At least five new faculty positions will be created at the Haas School of Business with a $25 million gift from alumnus Gerson Bakar, a prominent San Francisco real-estate developer, announced Tom Campbell, the school's dean, this week.

The gift is the largest individual donation in the Haas School's history. It will enable the school to increase its full-time, permanent-faculty roster to 86 members within a few years - bringing those ranks to an all-time high. The search for the new faculty members, who will be drawn from areas such as accounting, public policy, economics, finance, marketing, operations and information technology, organizational behavior, and real estate, will begin this fall.

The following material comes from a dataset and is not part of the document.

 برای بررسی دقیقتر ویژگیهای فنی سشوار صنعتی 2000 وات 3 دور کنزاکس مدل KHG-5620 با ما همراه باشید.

To honor Bakar, the Haas School will name its faculty wing the Gerson Bakar Faculty Building.

"Gerson Bakar's extraordinary generosity will permit the school to hire the most talented scholars and teachers in the world," said Campbell, Bank of America Dean of the Haas School. "With these additional faculty members, the school can improve its ratio of faculty to students - a major goal of the school - and offer more and a wider variety of courses to our students."

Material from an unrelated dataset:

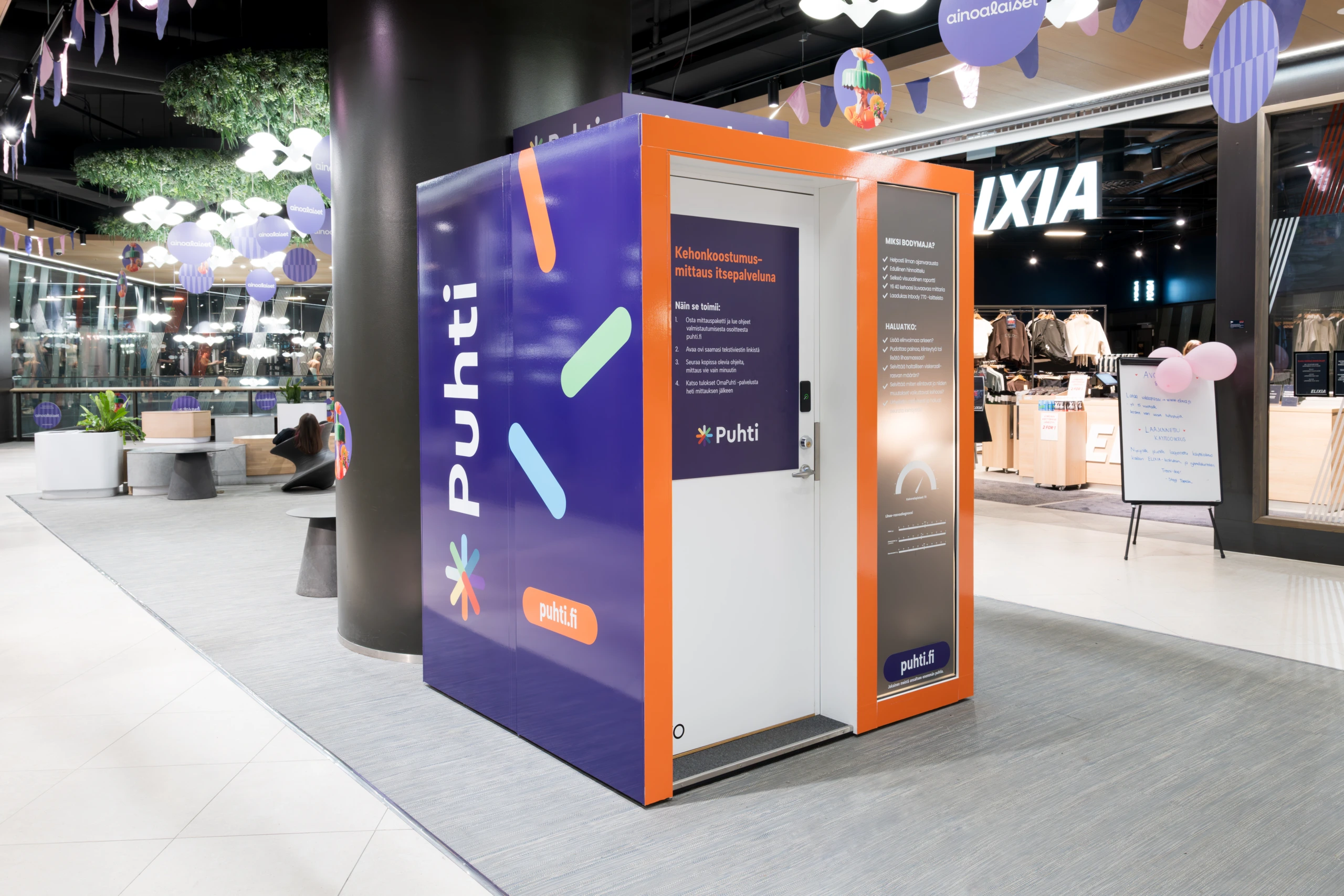 För Puhti‑tester finns Mehiläinens omfattande laboratorienätverk tillgängligt: cirka 75 verksamhetsställen på över 50 orter. Kroppsmätningar kan göras som självservice på 24 mätpunkter i köpcentrum runt om i Finland.

"This is an extremely powerful boost for the Haas School to remain among the very best business schools in the world," he added.

The new faculty members will be called Gerson Bakar Faculty Fellows.

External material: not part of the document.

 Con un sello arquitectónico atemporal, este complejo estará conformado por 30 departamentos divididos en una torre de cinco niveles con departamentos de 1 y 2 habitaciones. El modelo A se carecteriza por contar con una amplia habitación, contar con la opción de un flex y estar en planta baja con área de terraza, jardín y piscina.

Campbell also noted that the gift will bring the Haas School closer to its goal of financial self-sufficiency by turning the funds into an endowment that will pay for the new faculty salaries in perpetuity. With state funds supplying less than 25 percent of the school's budget this year, the school must rely on private donations and student fees to pay the salaries of many of its faculty and staff, and to provide essential academic and other student services.

When asked why he made this gift, Bakar said, "Just as I was helped by past benefactors to the university, I am pleased to be able to help the students who will be the future leaders of our society."

Bakar's gift was originally announced as an anonymous gift in August 2005. At the time, the gift was planned for the construction of a new building. In 2007, school officials, with Bakar's support, redirected Bakar's gift to faculty development.

Bakar, who received a bachelor of science degree from Berkeley's business school in 1948, began his career in real estate right after graduating. The development that catapulted him into the national spotlight was Woodlake, a 1,000-unit, multi-family housing complex in San Mateo completed in 1965. Since this was the first garden-apartment community built with extensive recreational facilities, it was considered a breakthrough in American housing and has been copied many times.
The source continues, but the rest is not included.